Other brand partnerships include REI and its “Everything to Lose” campaign and American Express, among others.

But the mainstream environmental space is still missing the mark in some aspects. In its 2019 transparency report card study, independent advocacy campaign Green 2.0 found the racial makeup of the mainstream environmental movement to still be primarily white, despite a positive increase in the number of people of color at the senior level, roughly 23 percent, and board positions, 25 percent. Green 2.0 is pushing for 30, 40 or 50-percent people of color represented at full-time and senior staff levels — to better align with the gains white women have seen in the space thus far.

With her platform, Gonia has recently been illuminating Black environmental organizations like Girl Trek, Greening Youth and Outdoor Afro through traditional fund-raising and donation means. Over the past three months, she has organized a handful of group hikes and educational resources on and off-line — with a clear call-to-action for community members.

As an inaugural member of the Intersectional Environmental Council, a new council on Instagram devoted to amplifying the “unheard voices in the environmental movement,” Gonia joins “diverse powerhouse” members such as Isaias Hernandez of @Queerbrownvegan; Sophia Li, and Aditi Mayer in sculpting a “greener, more inclusive future for all.”

Not sidestepping the perceived “woke-washing” of some companies, Gonia added: “I’ve been really grateful to meet a lot of people who are also admitting that their heart is in the right place, and their head is in the right place, their intentions are there but they will make mistakes, everyone’s going to fall down now and again.

“I’m a huge believer in instead of calling people out, we should invite people in. Putting the energy out there of learning rather than cancel culture — that’s what I’ve found is most productive,” she added. An obvious fan of word play, she quipped: “I think it’s really important to stay on our trail and just keep on going.”

But every now and then, she’s not immune to making the humble correction on Instagram — be it an open letter to Patagonia or an Internet troll.

She spoke further of solidarity in action. “Allyship is very much a verb to me. It requires constant action; it’s not a noun, it’s certainly not a title you give yourself.”

Comparing these tumultuous times to an earthquake, Gonia said: “I will be really excited to see where the dust settles at the end of this period,” adding, “I’m also expecting the dust to never settle. We are seeing truths about ourselves. And I speak for myself, but there has been no better time in my life to question everything.”

As Gonia said, spreading “positive environmental energy” can mean putting her at odds with her values. “I’m doing a lot of reflection on my actions,” she added, which means frequent flying for appearances and interviews is likely a no-go in the future or “not necessary,” as she puts it.

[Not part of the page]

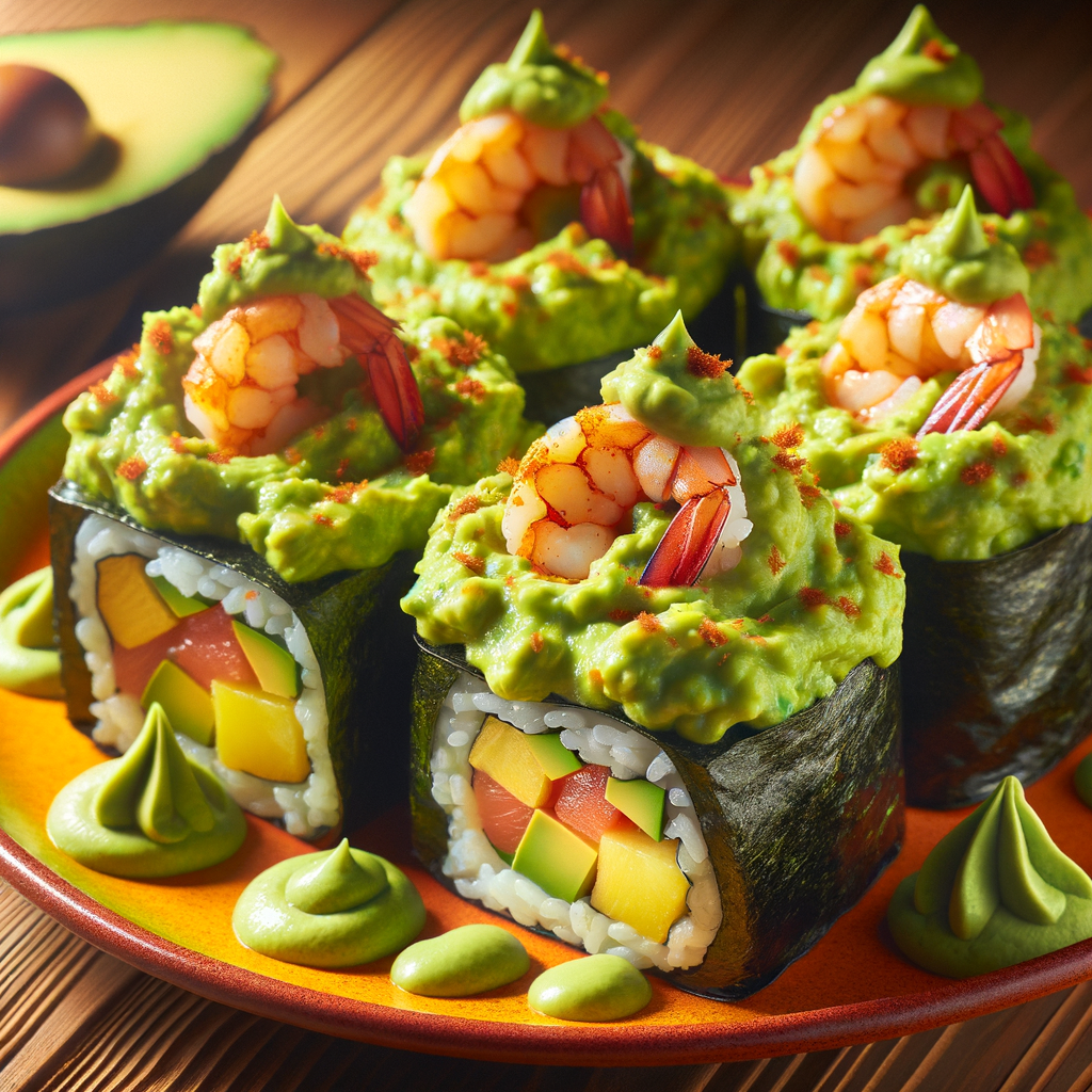 An ingenious roll that marries the sushi concept with Mexican flavors, featuring spicy al pastor-seasoned shrimp, avocado guacamole, and a hint of pineapple, wrapped in nori and sushi rice, topped with a drizzle of avocado-wasabi sauce.

Those flights can add up, considering the carbon dioxide cost per passenger is about two to three tons for a round-trip flight from New York to San Francisco or to Europe, as per the United Nations’ International Civil Aviation Organization. According to Nature Conservancy, the average American’s carbon footprint is 16 tons — one of the highest rates in the world.

In many reports, consumers are already reflecting on these actions and more, separating the necessities of life from frivolous spending, especially through periods of economic recession.

Keen for metaphors, Gonia added: “We’re all facing the journey of a thousand miles coming up, and we started and it’s rough, but I think there’s some beauty ahead, too.”